_Assignment_:
Please print, exactly, only the lines in the entries below from the line that has "Elegant MCM cylinder" through the line that has "Od 17 do 30". Pictures don't go in.

_Provided records_:
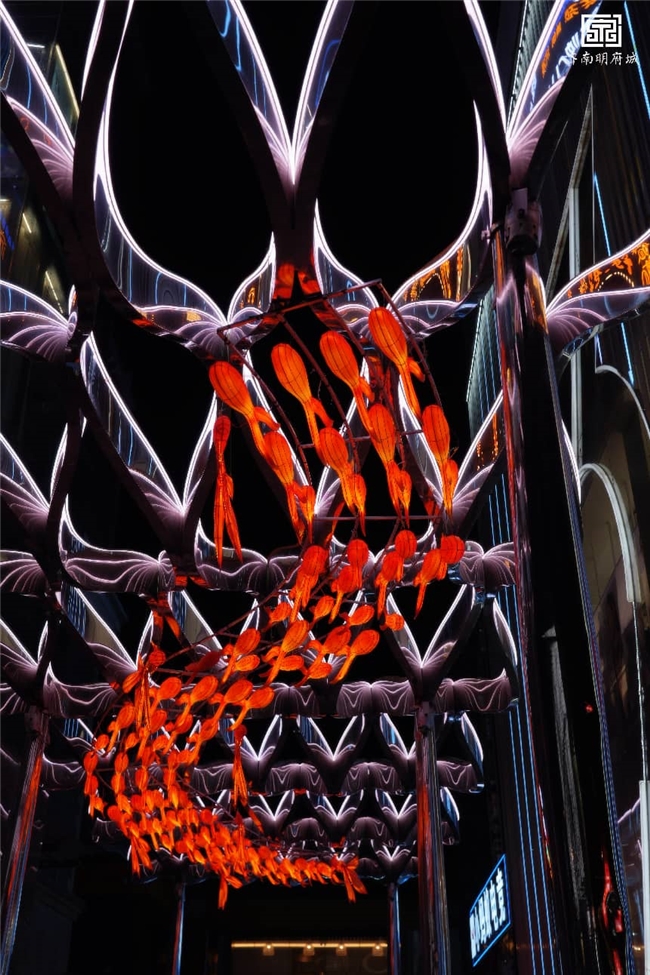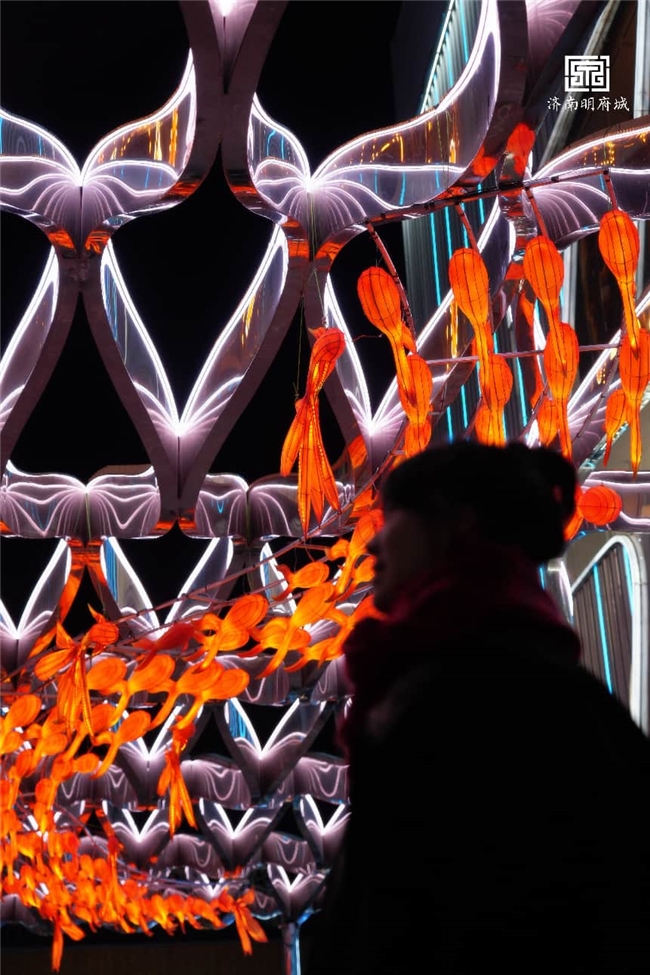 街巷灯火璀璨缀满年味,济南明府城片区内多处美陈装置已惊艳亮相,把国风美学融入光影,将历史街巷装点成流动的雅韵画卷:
---
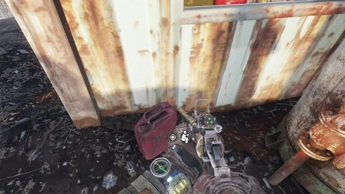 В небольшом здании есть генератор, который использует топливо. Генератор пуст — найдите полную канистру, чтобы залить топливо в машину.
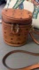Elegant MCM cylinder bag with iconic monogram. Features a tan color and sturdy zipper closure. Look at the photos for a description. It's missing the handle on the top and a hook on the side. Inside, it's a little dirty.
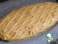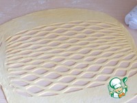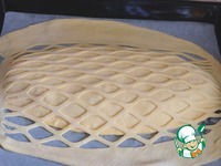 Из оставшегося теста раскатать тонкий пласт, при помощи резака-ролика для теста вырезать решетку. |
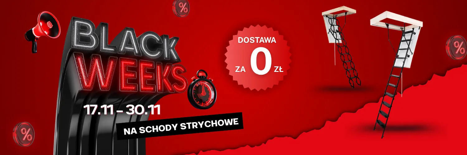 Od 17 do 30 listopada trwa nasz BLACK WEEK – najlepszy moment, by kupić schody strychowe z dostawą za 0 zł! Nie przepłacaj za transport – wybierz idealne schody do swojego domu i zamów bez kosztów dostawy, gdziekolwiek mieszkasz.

_Problem solution_:
Elegant MCM cylinder bag with iconic monogram. Features a tan color and sturdy zipper closure. Look at the photos for a description. It's missing the handle on the top and a hook on the side. Inside, it's a little dirty.
 Из оставшегося теста раскатать тонкий пласт, при помощи резака-ролика для теста вырезать решетку. |
 Od 17 do 30 listopada trwa nasz BLACK WEEK – najlepszy moment, by kupić schody strychowe z dostawą za 0 zł! Nie przepłacaj za transport – wybierz idealne schody do swojego domu i zamów bez kosztów dostawy, gdziekolwiek mieszkasz.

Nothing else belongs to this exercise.